**Stored dataset items:**
-*-
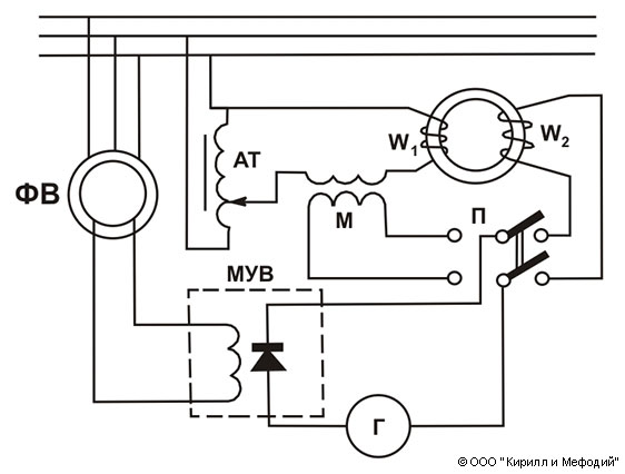 Принципиальная электрическая схема феррометра: Г — магнитоэлектрический гальванометр; МУВ — механически управляемый выпрямитель; ФВ — фазовращатель; П — переключатель; w1 — намагничивающая катушка; w2 — измерительная катушка; М — катушка взаимной индуктивности; АТ — автотрансформатор.
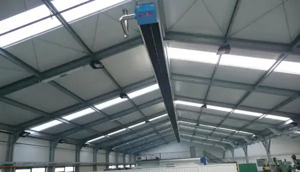Фото 4. Газовые инфракрасные панели в большом помещении, обладают большой мощностью, поэтому их не применяют в доме.
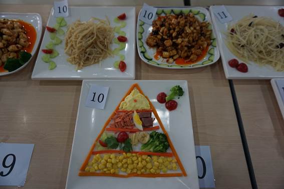 到了正式登场的时刻,学部一队的队长刘喆老师、二队队长黄琳老师都表现得沉稳从容,一丝不苟地处理着各种原材料,队员老师们也各司其职、有条不紊地默契配合。各队教师最终稳定发挥,三道菜品一一出炉,色香味俱佳。其中,一队完成的创意冷拼,除了摆盘精致,更蕴含着“食物营养金字塔”的科学内涵,受到一致好评。
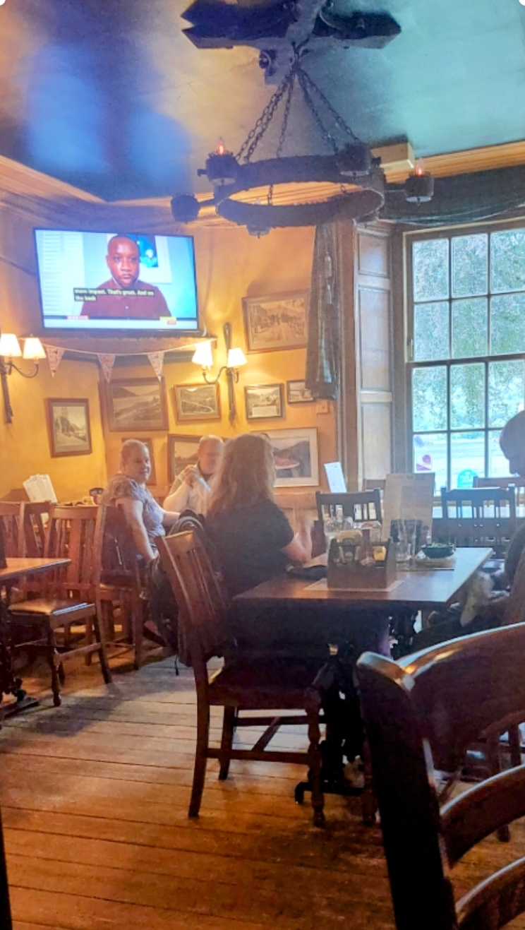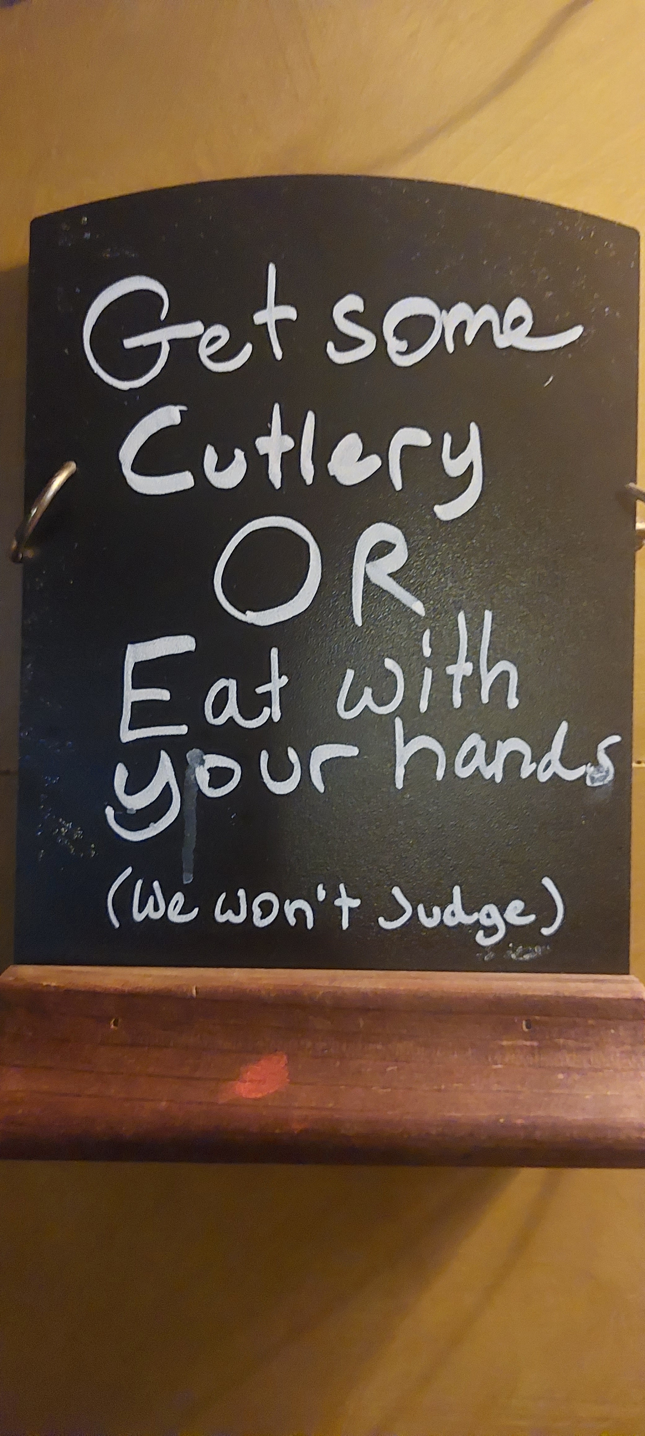 Everyone else is eating a huge burger (not with their hands), it’s all very jolly in a casual dining way.
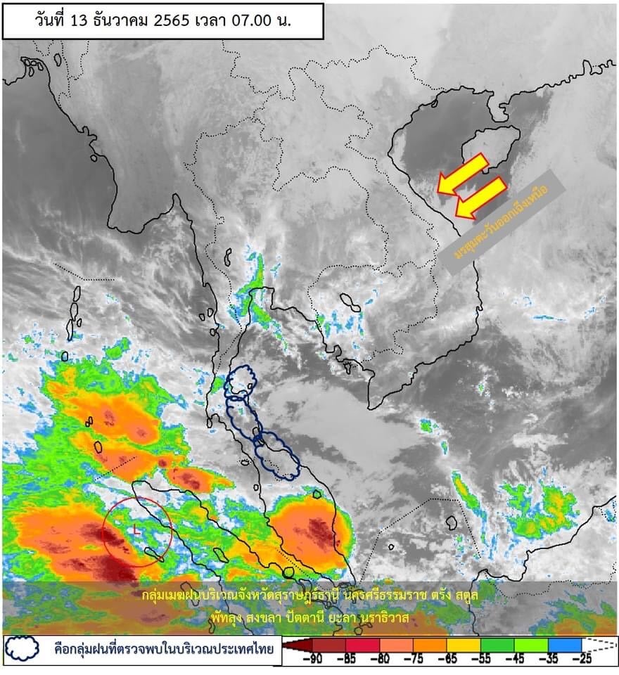 ภาคใต้(ฝั่งตะวันออก) ตอนบนของภาค อากาศเย็นในตอนเช้า ตอนล่างของภาค มีฝนฟ้าคะนองร้อยละ 40 ของพื้นที่ และมีฝนตกหนักบางแห่ง บริเวณจังหวัดนครศรีธรรมราช สงขลา ปัตตานี ยะลา และนราธิวาส อุณหภูมิต่ำสุด 21-24 องศาเซลเซียส อุณหภูมิสูงสุด 29-31 องศาเซลเซียส ตั้งแต่จังหวัดสุราษฎร์ธานีขึ้นมา ลม ตะวันออกเฉียงเหนือ ความเร็ว 15-35 กม./ชม. ทะเลมีคลื่นสูง 1-2 เมตร บริเวณที่มีฝนฟ้าคะนองคลื่นสูงระมาณ 2 เมตร ตั้งแต่จังหวัดนครศรีธรรมราชลงไป ลมตะวันออก ความเร็ว 20-35 กม./ชม. ทะเลมีคลื่นสูงประมาณ 2 เมตร บริเวณที่มีฝนฟ้าคะนองคลื่นสูงมากกว่า 2 เมตร
-*-
**What is needed:** Nothing but an exact copy of the data, without its images, should make up your answer.

**Exercise solution:**
 Принципиальная электрическая схема феррометра: Г — магнитоэлектрический гальванометр; МУВ — механически управляемый выпрямитель; ФВ — фазовращатель; П — переключатель; w1 — намагничивающая катушка; w2 — измерительная катушка; М — катушка взаимной индуктивности; АТ — автотрансформатор.
Фото 4. Газовые инфракрасные панели в большом помещении, обладают большой мощностью, поэтому их не применяют в доме.
 到了正式登场的时刻,学部一队的队长刘喆老师、二队队长黄琳老师都表现得沉稳从容,一丝不苟地处理着各种原材料,队员老师们也各司其职、有条不紊地默契配合。各队教师最终稳定发挥,三道菜品一一出炉,色香味俱佳。其中,一队完成的创意冷拼,除了摆盘精致,更蕴含着“食物营养金字塔”的科学内涵,受到一致好评。
 Everyone else is eating a huge burger (not with their hands), it’s all very jolly in a casual dining way.
 ภาคใต้(ฝั่งตะวันออก) ตอนบนของภาค อากาศเย็นในตอนเช้า ตอนล่างของภาค มีฝนฟ้าคะนองร้อยละ 40 ของพื้นที่ และมีฝนตกหนักบางแห่ง บริเวณจังหวัดนครศรีธรรมราช สงขลา ปัตตานี ยะลา และนราธิวาส อุณหภูมิต่ำสุด 21-24 องศาเซลเซียส อุณหภูมิสูงสุด 29-31 องศาเซลเซียส ตั้งแต่จังหวัดสุราษฎร์ธานีขึ้นมา ลม ตะวันออกเฉียงเหนือ ความเร็ว 15-35 กม./ชม. ทะเลมีคลื่นสูง 1-2 เมตร บริเวณที่มีฝนฟ้าคะนองคลื่นสูงระมาณ 2 เมตร ตั้งแต่จังหวัดนครศรีธรรมราชลงไป ลมตะวันออก ความเร็ว 20-35 กม./ชม. ทะเลมีคลื่นสูงประมาณ 2 เมตร บริเวณที่มีฝนฟ้าคะนองคลื่นสูงมากกว่า 2 เมตร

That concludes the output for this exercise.